What the task asks >>
Task for the records below: copy exactly, and only, the line containing "Adult ladies size" and every line after it to the end, with pictures left out.
# # #
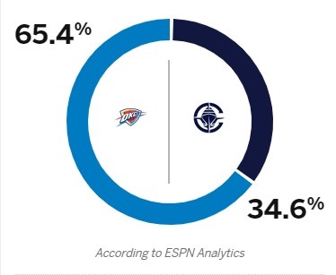 雷霆8连胜?ESPN预测胜率:背靠背的快船34.6% 雷霆
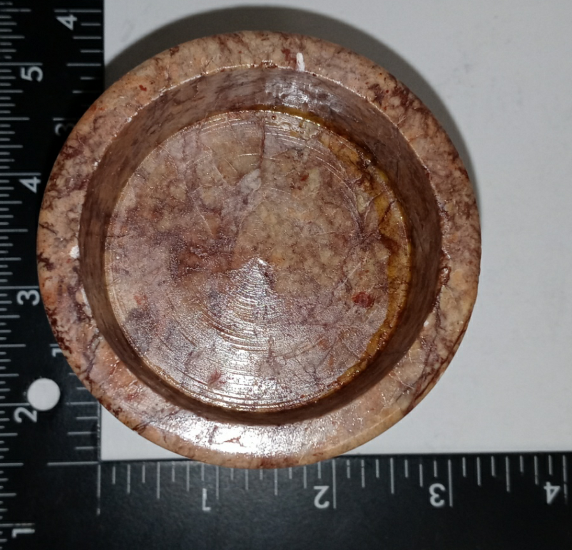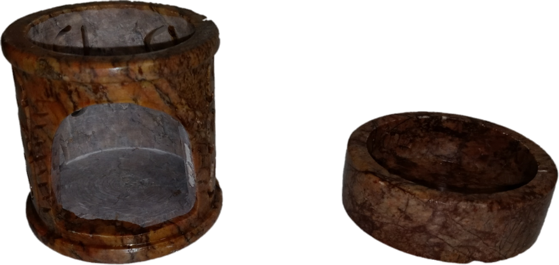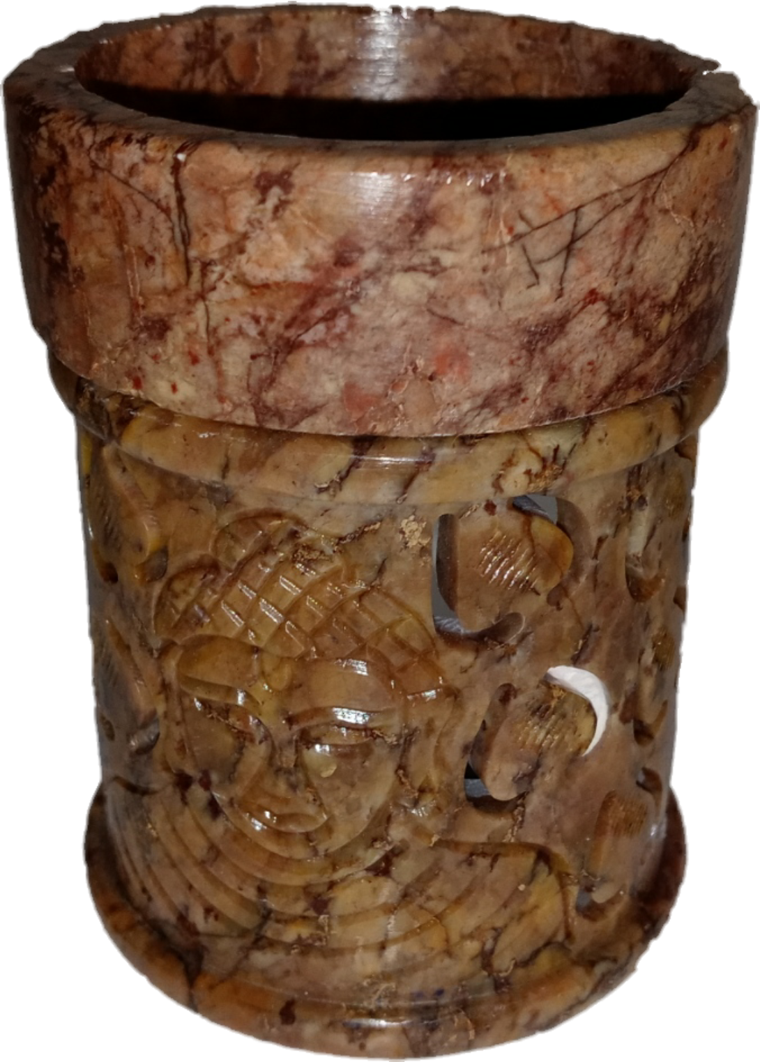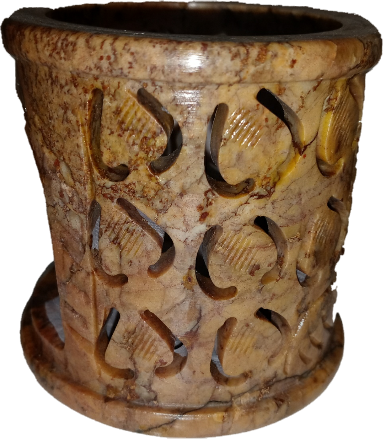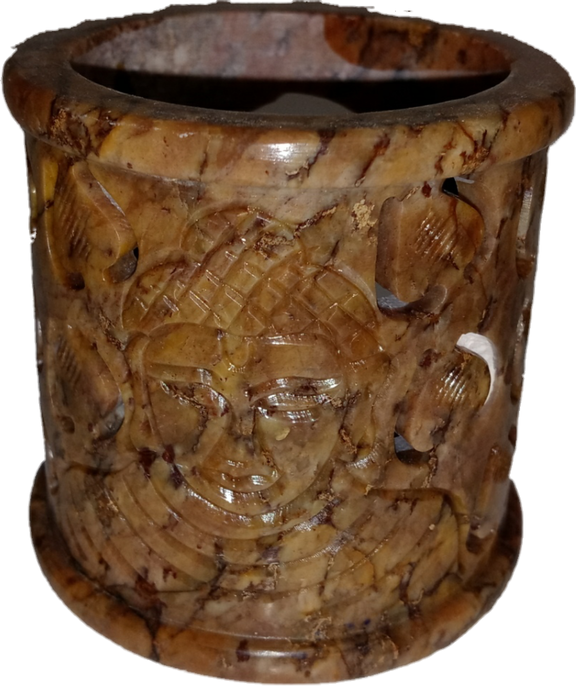 This hand carved aroma lamp has a Buddha carved into the back. Just add your tealight and oil and off you go into a mellow land of artificial peace. Hey, peace is peace, artificial or not. Take it as a win. This item is great for an altar to Buddha or just for those who love Buddha items. Being that this item is made of natural stone, grain may be different although the color should be roughly the same. This item is imported from India.
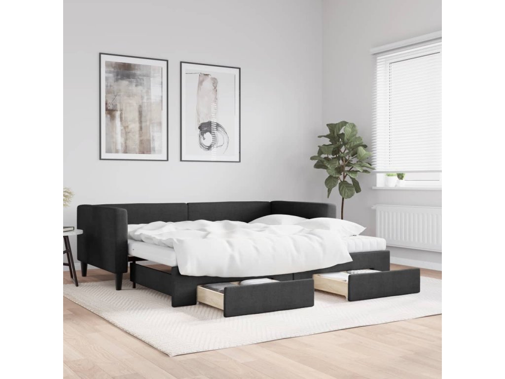 Válenda s přistýlkou a zásuvkami černá 90 x 190 cm textil 3196644
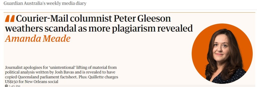 “The revelation comes after Gleeson was caught lifting four paragraphs of political analysis by the Brisbane reporter Josh Bavas, who wrote his piece for the ABC in 2020 when the deputy premier Jackie Trad stood down from cabinet.
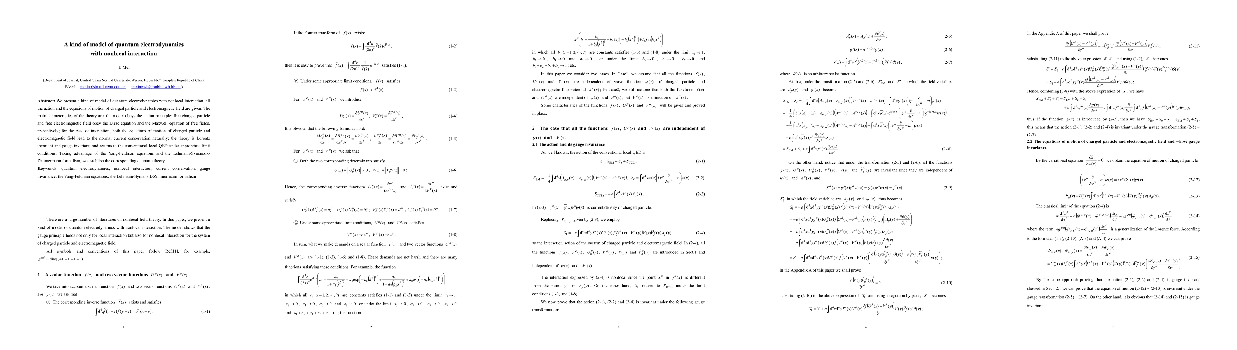 We present a kind of model of quantum electrodynamics with nonlocal interaction, all the action and the equations of motion of charged particle and electromagnetic field are given. The main characteristics of the theory are: the model obeys the action principle; free charged particle and free electromagnetic field obey the Dirac equation and the Maxwell equation of free fields, respectively; for the case of interaction, both the equations of motion of charged particle and electromagnetic field lead to the normal current conservation naturally; the theory is Lorentz invariant and gauge invariant, and returns to the conventional local QED under appropriate limit conditions. Taking advantage of the Yang-Feldman equations and the Lehmann-Symanzik- Zimmermann formalism, we establish the corresponding quantum theory.
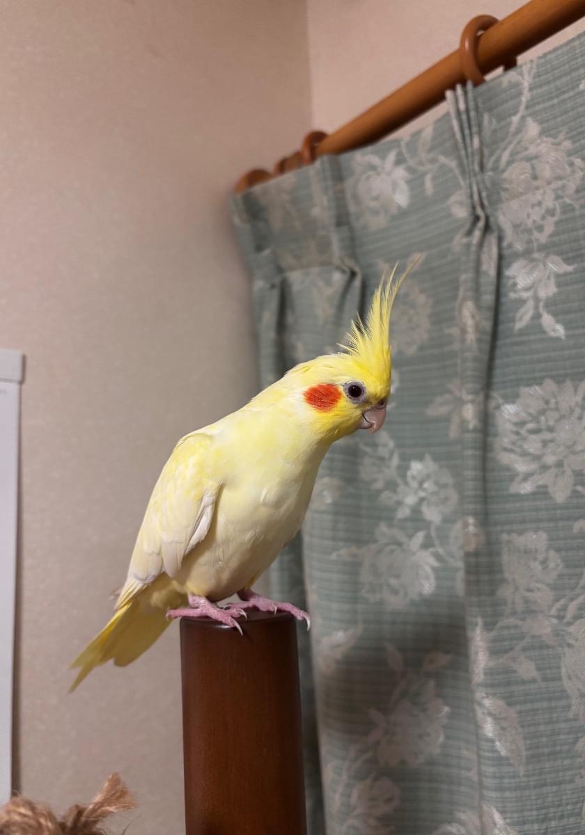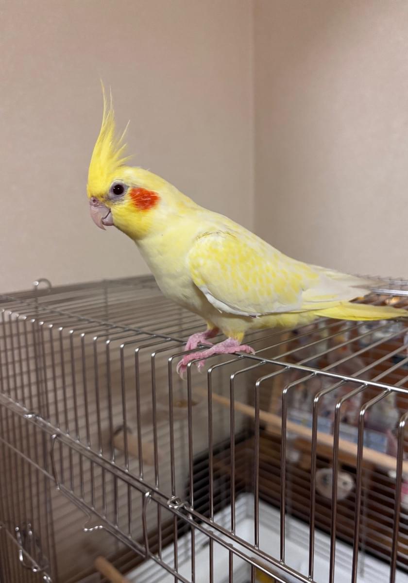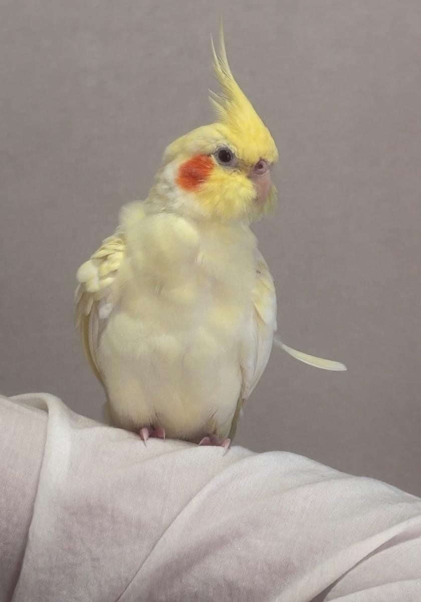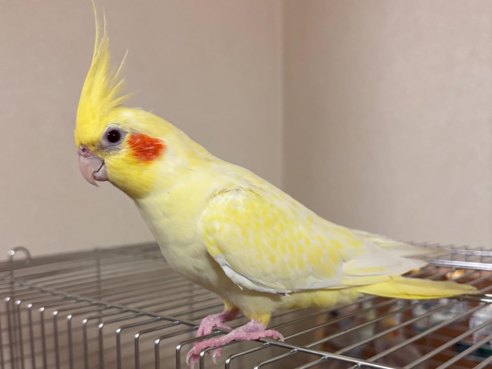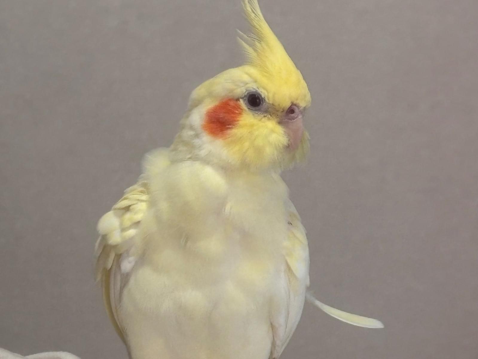 頭、しっぽが黄色く体は少し白が混じっているオカメインコを探しています
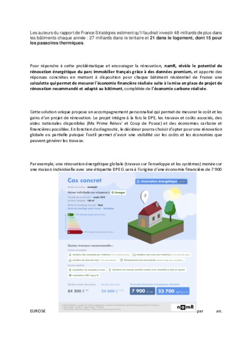 Institutionnels 23 mai 2023 - 14:08 Les auteurs du rapport de France Stratégies estiment qu'il faudrait investir 48 milliards de plus dans les bâtiments chaque année : 27 milliards dans le tertiaire et 21 dans le logement, dont 15 pour les passoires thermiques. PDF (178 Ko) Télécharger
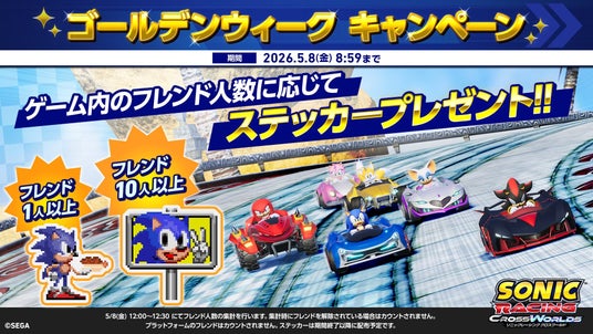 株式会社セガは、発売中の『ソニックレーシング クロスワールド』について、PlayStation(TM) Storeおよび PC(Steam)にて40%OFFとなる「ゴールデンウィークセール」を開催中です。PlayStation(TM) Storeでは2026年5月6日(水)まで、PC(Steam)では5月8日(金)までセールを実施予定です。
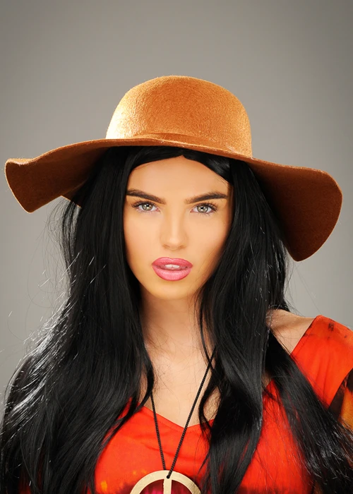 Adult ladies size 1970s hippy flower power fancy dress accessory large floppy brown hat.
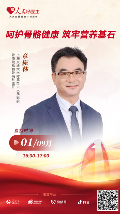 9月1日16:00,上海交通大學附屬第六人民醫院骨質疏松和骨病科主任章振林將做客“人民好醫生”直播間,就骨質疏松等相關內容和網友進行分享。
# # #
Response to this task >>
 Adult ladies size 1970s hippy flower power fancy dress accessory large floppy brown hat.
 9月1日16:00,上海交通大學附屬第六人民醫院骨質疏松和骨病科主任章振林將做客“人民好醫生”直播間,就骨質疏松等相關內容和網友進行分享。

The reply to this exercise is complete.